The result should hold only the lines from the one with "Ann Taylor Black" through the final line of the data below, transcribed exactly, pictures left out.

[Records for this task — start]

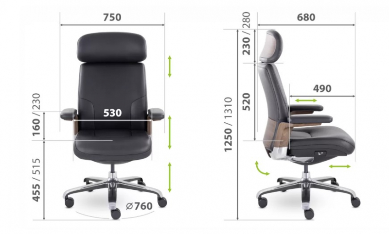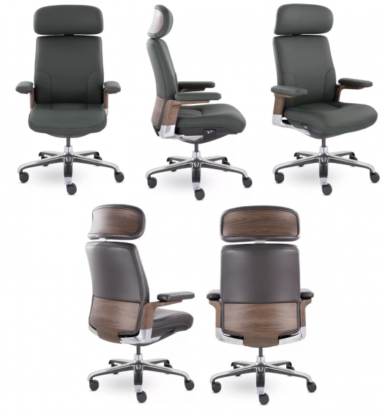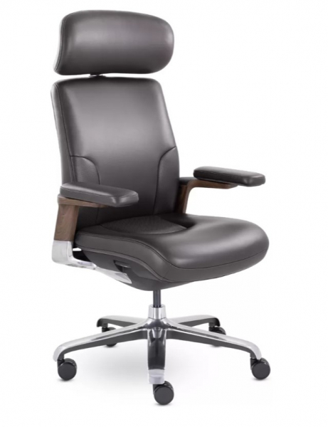 Грациозная модель кресла руководителя. Изящные изгибы, натуральная кожа, декоративные вставки из ABS-пластика с аквапринтом - все это подчеркивает эксклюзивность модели. Подголовник и подлокотники регулируются. Максимальная нагрузка 130 кг.
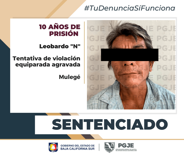 La Procuraduría General de Justicia del Estado (PGJE) de Baja California Sur, obtuvo sentencia condenatoria de 10 años de prisión para Leobardo “N” de 52 años, por el delito de violación equiparada agravada en grado de tentativa acabada en agravio de una mujer.
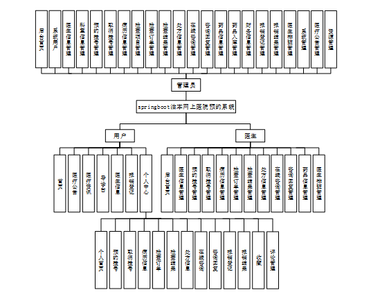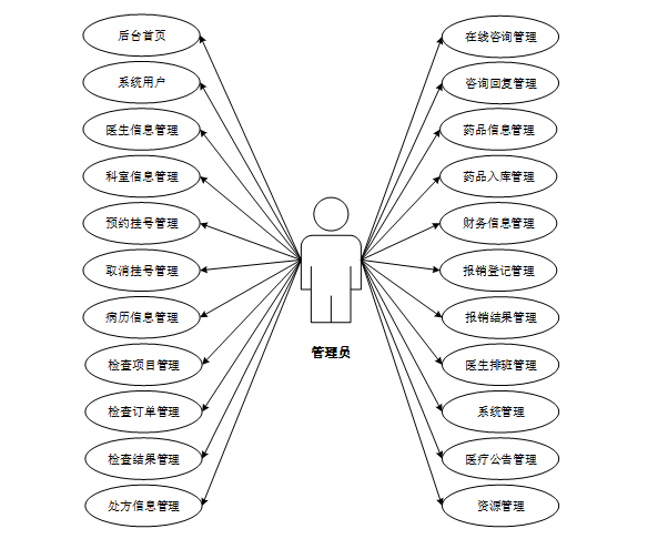 管理员的功能有:后台首页、系统用户、医生信息管理、科室信息管理、预约挂号管理、取消挂号管理、病历信息管理、检查项目管理、检查订单管理、检查结果管理、处方信息管理、在线咨询管理、咨询回复管理、药品信息管理、药品入库管理、财务信息管理、报销登记管理、报销结果管理、医生排班管理、系统管理、医疗公告管理、资源管理。
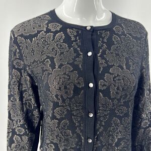 Ann Taylor Black Beige Nude Size L Illusion Floral Button Front Cardigan Sweater
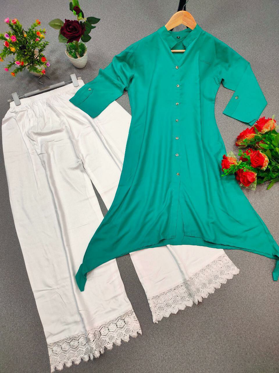Rayon Kurti Plazzo Set Posted on October 5, 2020October 5, 2020 by bendthetrend19 Triva Kurti : 14 kg. RayonKurti length:- 43+ Inch Plazzo :14 kg. Rayon with lace( Elastic waist )Plazzo Length :- 42+ inch 03 🌷Rate 999/- free shipping Type : Fully Stitched Size : M:38L:40″XL:42″XXL:44 Share this: Click to share on Facebook (Opens in new window) Facebook Click to share on WhatsApp (Opens in new window) WhatsApp Click to email a link to a friend (Opens in new window) Email Click to share on LinkedIn (Opens in new window) LinkedIn Like Loading... Related
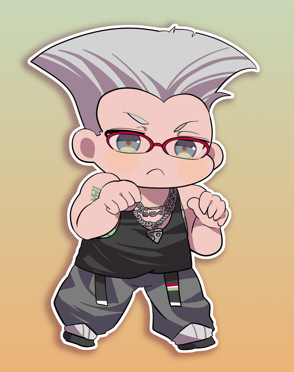 >:( 1boy alternate_hairstyle arm_tattoo arurandeisu baggy_pants black_tank_top chain chain_necklace chibi chibi_only clenched_hands commentary_request cosplay fighting_stance flattop full_body glasses gradient_background green_eyes grey_pants guile guile_(cosplay) highres holostars jewelry male_focus necklace outline pants red-framed_eyewear sleeveless solo street_fighter tank_top tattoo v-shaped_eyebrows virtual_youtuber white_outline yamada_(nou_74)
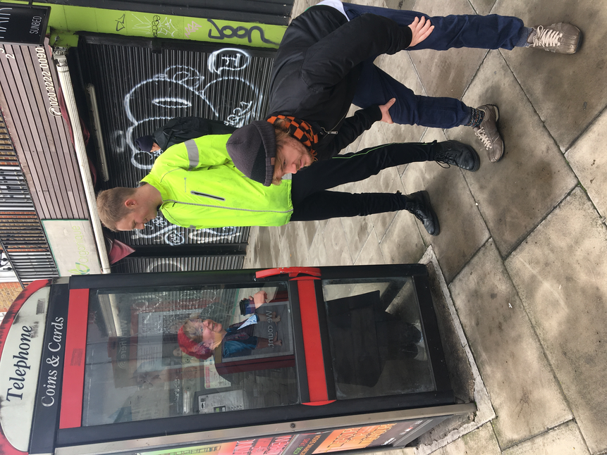 The images here show us actually visiting a telephone box during rehearsals for the piece, long after learning the choreography. This gave us, as a group, a shared, collective vision of a telephone box.
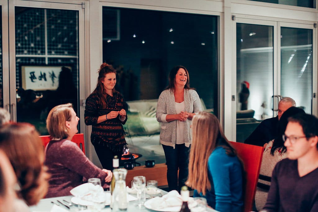 Not even a surprise downpour on an outdoor dinner party can dampen the enthusiasm of Kirsten Nafziger ‘89 Moore, recipient of the Community Engagement Award for Eastern Mennonite School 2019.
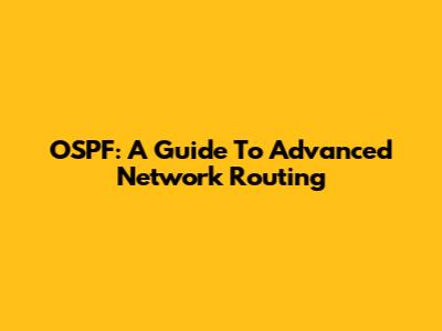 OSPF: A Guide To Advanced Network Routing
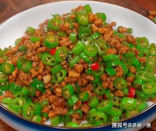 2、起锅烧油,油热放入牛肉末,煸炒至变色,放入蒜末,翻炒出香味,放入切好的线椒丁,翻炒至断生,淋入调好的料汁,大火翻炒均匀即可出锅。
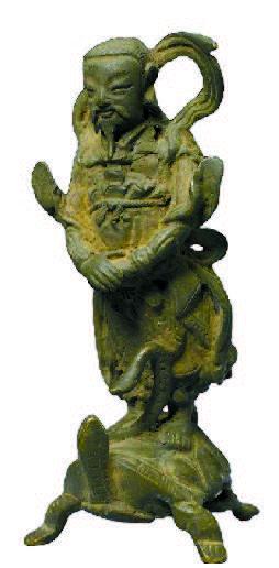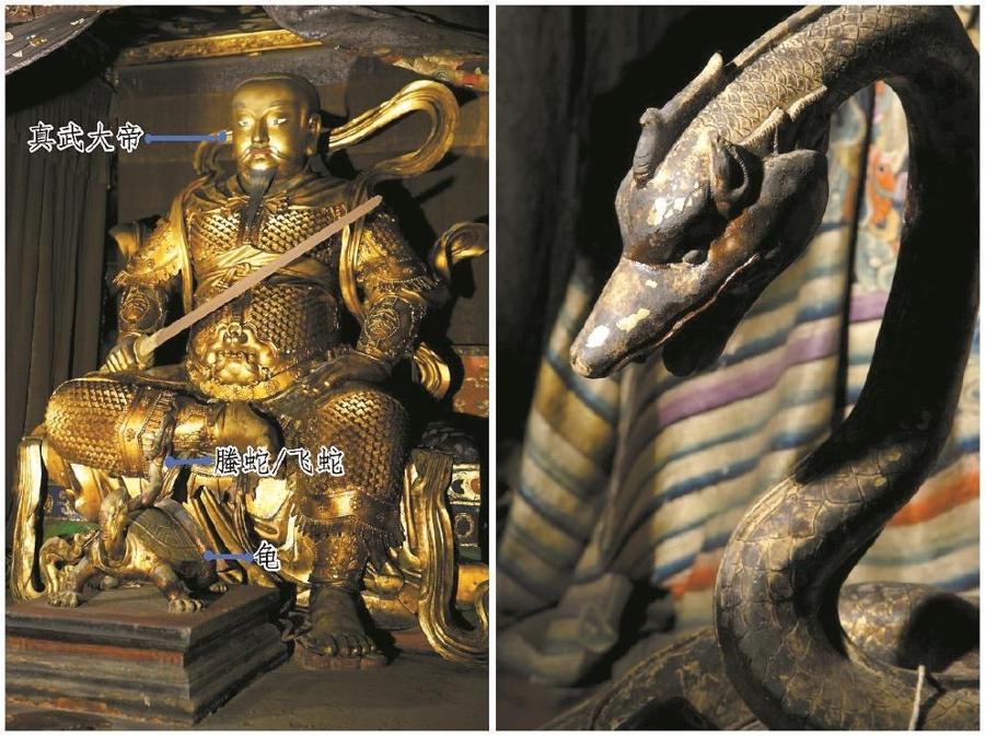 宋代學者俞琰的筆記《席上腐談》描述了世人認爲玄武爲龜與螣蛇相纏的緣故:“北方七宿如龜形,其下有螣蛇星,蛇,火屬也,丹家藉此以喻身中水火之交,遂繪爲龜蛇蟠糾之狀。”六朝以後,神龜與螣蛇/飛蛇相纏形成的玄武被道教納入自己的神明體系,逐步變成了人格化的真武神將,保佑征戰勝利的戰神,並在後世又有了“玄天上帝”“真武大帝”等尊號。真武大帝既然是神龜和螣蛇兩種動物的人格化呈現,自然其神像也經常與神龜、螣蛇/飛蛇共同出現。道教經典《元始天尊說北方真武妙經》也描繪道:“真武神將敬奉天尊教敕,乃披髮跣足,踏螣蛇八卦神龜。”

[Records for this task — finish]

#### The completed task:
 Ann Taylor Black Beige Nude Size L Illusion Floral Button Front Cardigan Sweater
Rayon Kurti Plazzo Set Posted on October 5, 2020October 5, 2020 by bendthetrend19 Triva Kurti : 14 kg. RayonKurti length:- 43+ Inch Plazzo :14 kg. Rayon with lace( Elastic waist )Plazzo Length :- 42+ inch 03 🌷Rate 999/- free shipping Type : Fully Stitched Size : M:38L:40″XL:42″XXL:44 Share this: Click to share on Facebook (Opens in new window) Facebook Click to share on WhatsApp (Opens in new window) WhatsApp Click to email a link to a friend (Opens in new window) Email Click to share on LinkedIn (Opens in new window) LinkedIn Like Loading... Related
 >:( 1boy alternate_hairstyle arm_tattoo arurandeisu baggy_pants black_tank_top chain chain_necklace chibi chibi_only clenched_hands commentary_request cosplay fighting_stance flattop full_body glasses gradient_background green_eyes grey_pants guile guile_(cosplay) highres holostars jewelry male_focus necklace outline pants red-framed_eyewear sleeveless solo street_fighter tank_top tattoo v-shaped_eyebrows virtual_youtuber white_outline yamada_(nou_74)
 The images here show us actually visiting a telephone box during rehearsals for the piece, long after learning the choreography. This gave us, as a group, a shared, collective vision of a telephone box.
 Not even a surprise downpour on an outdoor dinner party can dampen the enthusiasm of Kirsten Nafziger ‘89 Moore, recipient of the Community Engagement Award for Eastern Mennonite School 2019.
 OSPF: A Guide To Advanced Network Routing
 2、起锅烧油,油热放入牛肉末,煸炒至变色,放入蒜末,翻炒出香味,放入切好的线椒丁,翻炒至断生,淋入调好的料汁,大火翻炒均匀即可出锅。
 宋代學者俞琰的筆記《席上腐談》描述了世人認爲玄武爲龜與螣蛇相纏的緣故:“北方七宿如龜形,其下有螣蛇星,蛇,火屬也,丹家藉此以喻身中水火之交,遂繪爲龜蛇蟠糾之狀。”六朝以後,神龜與螣蛇/飛蛇相纏形成的玄武被道教納入自己的神明體系,逐步變成了人格化的真武神將,保佑征戰勝利的戰神,並在後世又有了“玄天上帝”“真武大帝”等尊號。真武大帝既然是神龜和螣蛇兩種動物的人格化呈現,自然其神像也經常與神龜、螣蛇/飛蛇共同出現。道教經典《元始天尊說北方真武妙經》也描繪道:“真武神將敬奉天尊教敕,乃披髮跣足,踏螣蛇八卦神龜。”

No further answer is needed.